The schematic above depicts some of the subnetworks of interacting proteins that either promote or slow the progression of CLL.
Tumor Cells’ Inner Workings Predict Cancer Progression
Molecular markers help reveal nature of chronic lymphocytic leukemia – slow or fast
Using a new assay method to study tumor cells, researchers at the University of California, San Diego School of Medicine and UC San Diego Moores Cancer Center have found evidence of clonal evolution in chronic lymphocytic leukemia (CLL). The assay method distinguishes features of leukemia cells that indicate whether the disease will be aggressive or slow-moving, a key factor in when and how patients are treated.
The findings are published in the July 26, 2012 First Edition online issue of Blood.
The progression of CLL is highly variable, dependent upon the rate and effects of accumulating monoclonal B cells in the blood, marrow, and lymphoid tissues. Some patients are symptom-free for years and do not require treatment, which involves the use of drugs that can cause significant side effects and are not curative. In other patients, however, CLL is relatively aggressive and demands therapeutic intervention soon after diagnosis.
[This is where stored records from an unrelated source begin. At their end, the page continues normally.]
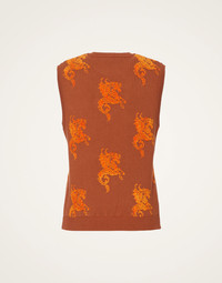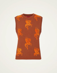 Another day, another dazzling gilet. This slim cut gilet comes in our raise Gryphos print inspired by the legendary half-eagle, half-lion beast said to bring prosperity and courage. We love her paired with our Atelier top or Poet Dress, but she shines just as bright over a basic tee with jeans. Details & Fit - Crew neck knit gilet - Ribbed collar and armholes - Slim cut - 100% Made in Italy - Composition:87%Viscose 8%Polyester 5%PBT - The model is 181 cm / 5′ 11.3″ tall and wears a size S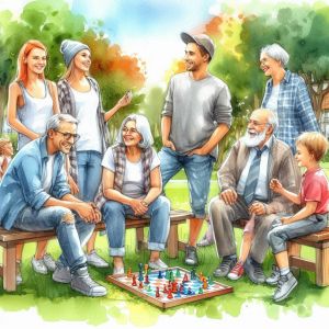 • Uśmiechnięte osoby w różnym wieku podczas wspólnej zabawy w parku.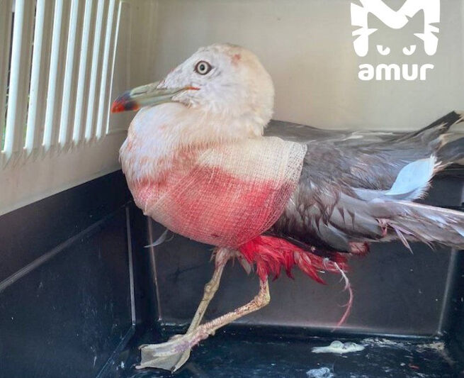 По данным Telegram-канала Amur Mash, окровавленную птицу передали в руки ветеринаров.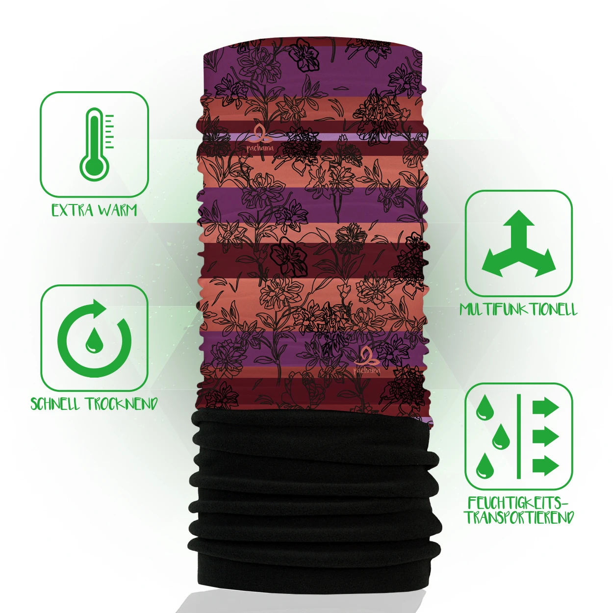 Das Pachama Fleece Multifunktionstuch ist Oeko-Tex® zertifiziert und wird sehr nachhaltig mit viel Liebe hergestellt. Durch das qualitativ hochwertige Fleecematerial wärmt das Schlauchtuch bei niedrigen Temperaturen und ist sehr vielfältig einsetzbar. Es lässt sich problemlos unterschiedlich anwenden z. B. zu einer Mütze, einem Stirnband oder zu einem Haarband und ist somit für verschiedenste Aktivitäten wie z.B. Ski oder Snowboarden, als perfekter Begleiter geeignet.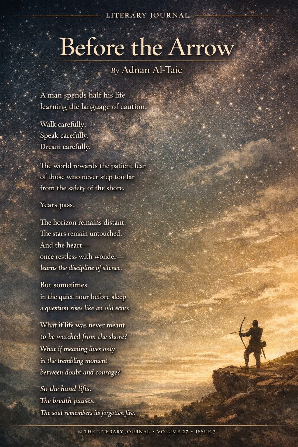 قراءة نقدية أدبية للقصيدة قبل أن يُطلق السَّهم بقلم الباحث والكاتب والناقد: عدنان مهدي الطائي يمكن قراءة القصيدة كالشعر النثري (Before the Arrow) بوصفها نصًا تأمليًا ينتمي إلى ما يُعرف في الأدب التأملي (Meditative Prose Poetry)، حيث لا يعتمد النص على الإيقاع الوزني بقدر ما يعتمد على الإيقاع الفكري والصورة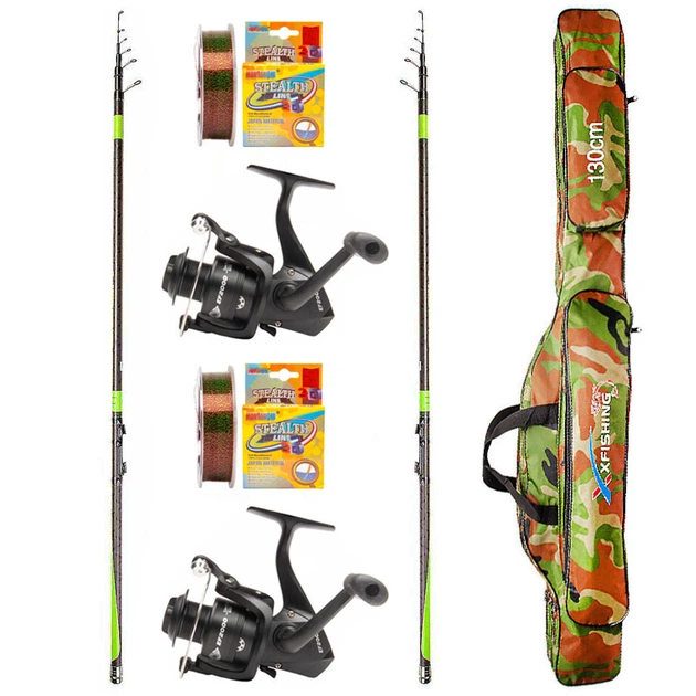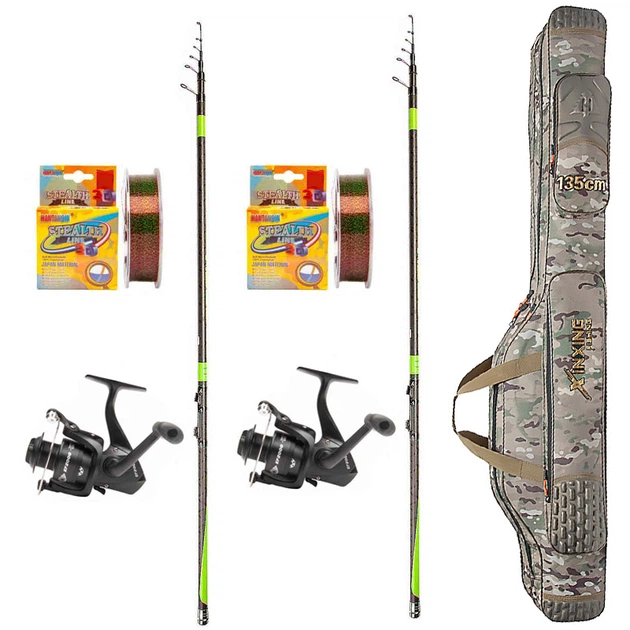 Набір для риболовлі 2 вудки Freccia 6 м карбон тест 15-40 швидкий строй котушки EF2000 волосінь 3D 100 м каркасний чохол 135
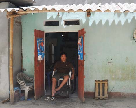 Nhiều năm rồi, anh Bình phải sống cuộc sống của một người tàn tật độc thân nên mọi sinh hoạt thường phải nhờ hàng xóm hoặc những người đi đường giúp đỡ. Nhiều khi, đến giờ nấu cơm, nếu hàng xóm đi vắng không giúp được, anh Bình phải lăn xe ra ngồi ở bậu cửa nhà mình. Lúc đó, nếu vớ được người làng nào đi qua anh sẽ nhờ họ vào cắm cho nồi cơm. Rảnh hơn nữa thì anh nhờ họ luộc cho mớ rau, rang cho quả trứng. Thế cũng xong bữa.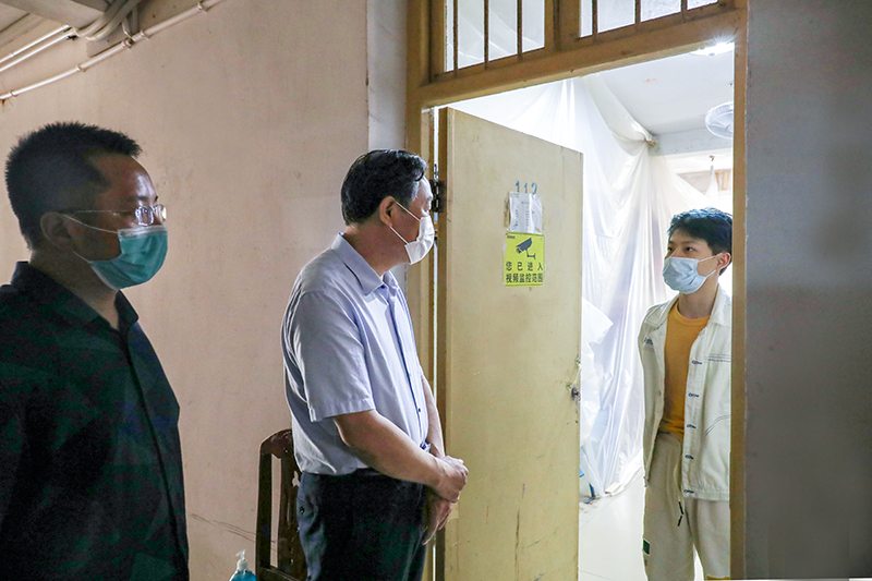 在校医务室,周忠新看望了正在治疗的同学和在一线工作的医务工作者,详细询问了同学们的症状及治疗情况。得知不少学生因为贪凉感冒,周忠新嘱咐随行工作人员,要进一步加强对学生的日常健康提醒和管理,密切监测学生健康状态,出现紧急情况要严格按照应急处置标准和流程处置,严禁在思想上麻痹和大意,在行动上松懈和打折扣。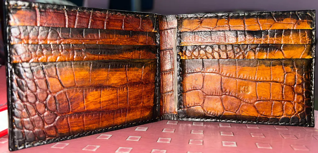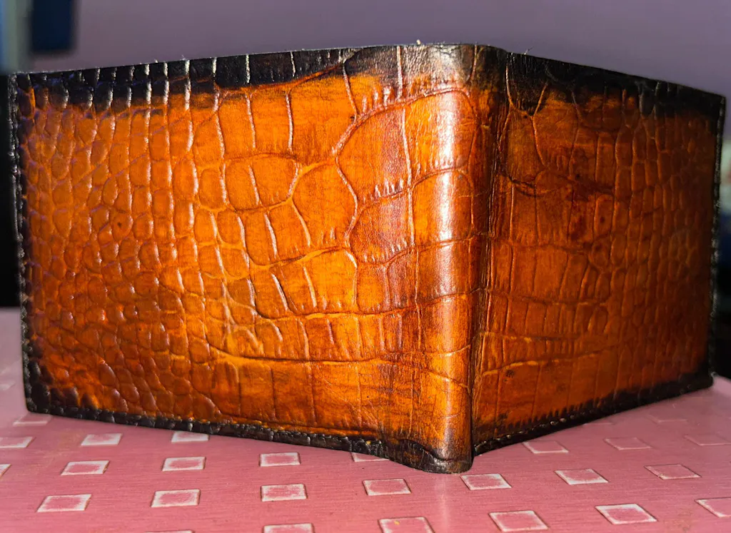 Hand dyed antique finished leather wallet made in full grain crocodile embossed leather. Features 3+ 3 card slot with hidden pockets each and 1 cash clots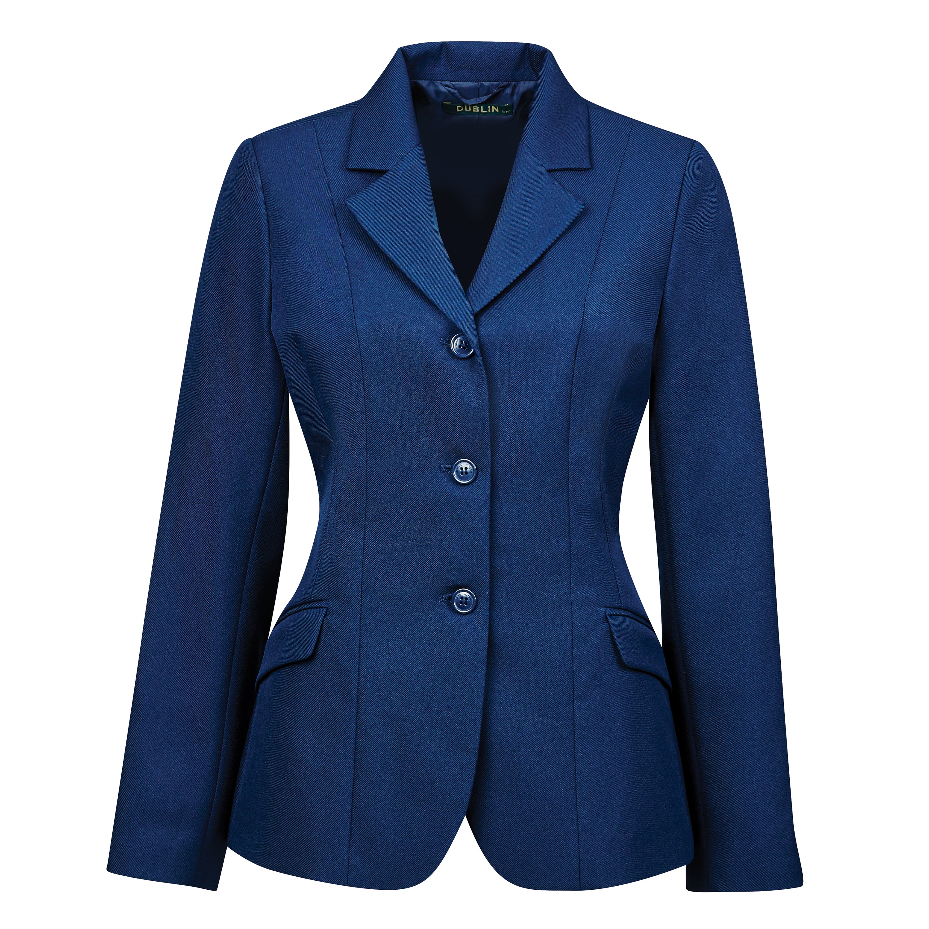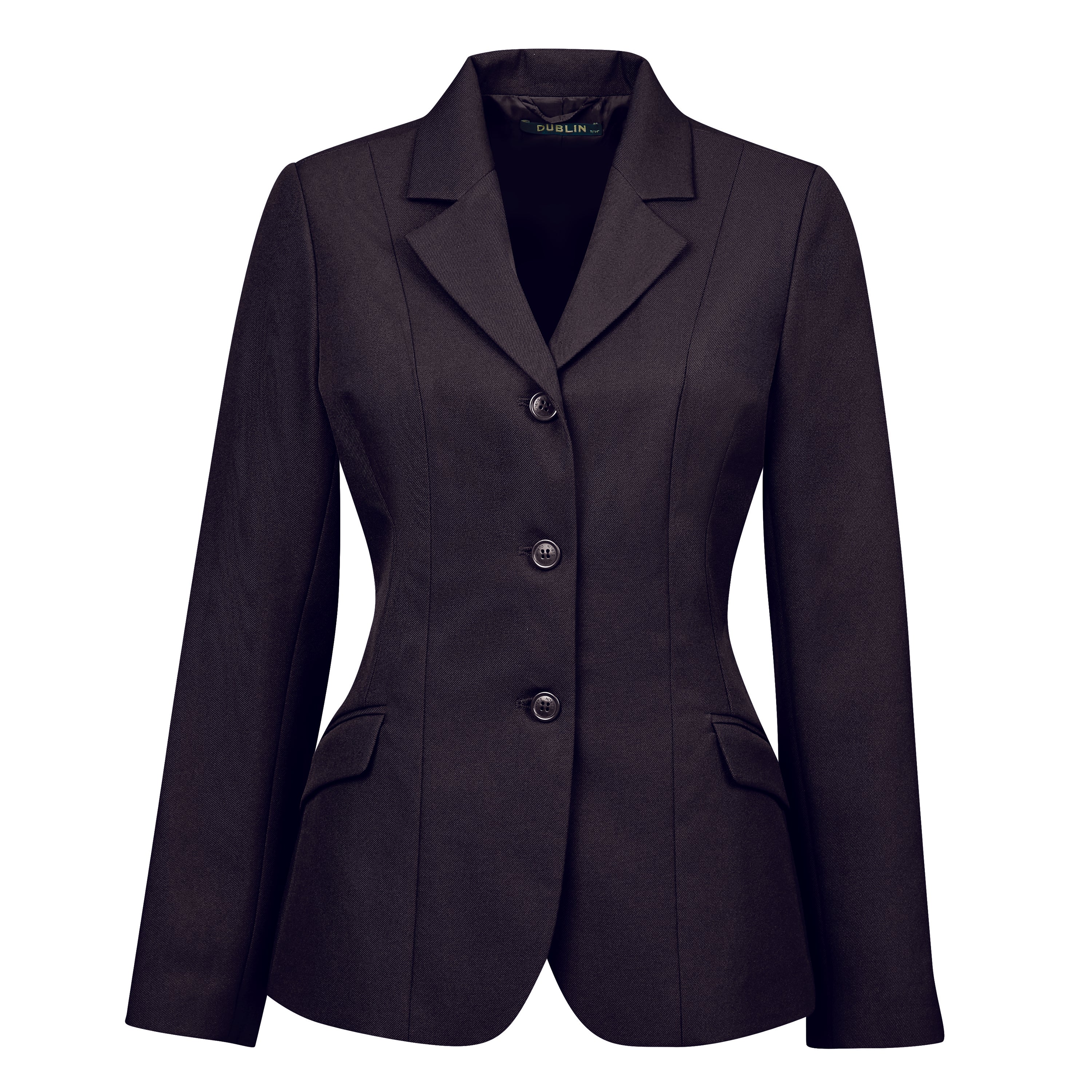 Back by popular demand, the affordable and traditionally styled Dublin® Ashby Show Coat features washable woven fabric. It’s fully lined, with a three-button front, two front flap pockets and double-vented back. Princess seam construction flatters your in-saddle form.

“Our study shows that there may not be a sharp dividing line between the more aggressive and less aggressive forms of CLL,” said Thomas J. Kipps, MD, PhD, Evelyn and Edwin Tasch Chair in Cancer Research and senior author of the study. “Instead, it seems that over time the leukemia cells of patients with indolent disease begin to use genes similar to those that are generally used by CLL cells of patients with aggressive disease. In other words, prior to requiring therapy, the patterns of genes expressed by CLL cells appear to converge, regardless of whether or not the patient had aggressive versus indolent disease at diagnosis.”
Existing markers for aggressive or indolent disease are mostly fixed and have declining predictive value the longer the patient is from his or her initial diagnosis. When the blood sample is collected, these markers cannot reliably predict whether a CLL patient will need therapy soon, particularly when the patient has had the diagnosis of CLL for many years.
Kipps and colleagues studied thousands of genes, particularly those that code for proteins, in a group of 130 CLL patients with varying risks of disease progression. They identified 38 prognostic subnetworks of interacting genes and proteins that, at the time of sample collection, indicate the relative the aggressiveness of the disease and predict when the patient will require therapy. They confirmed their work using the method on two other, smaller CLL patient cohorts in Germany and Italy.
The subnetworks offer greater predictive value because they are based not on expression levels of individual genes or proteins, but on how they dynamically interact and change over time, influencing the course of the CLL and patient symptoms.
“In a sense, we looked at families rather than individuals,” said Kipps. “If you find in an interconnected family where most genes or proteins are expressed at higher levels, it becomes more likely that these genes and proteins have functional significance.”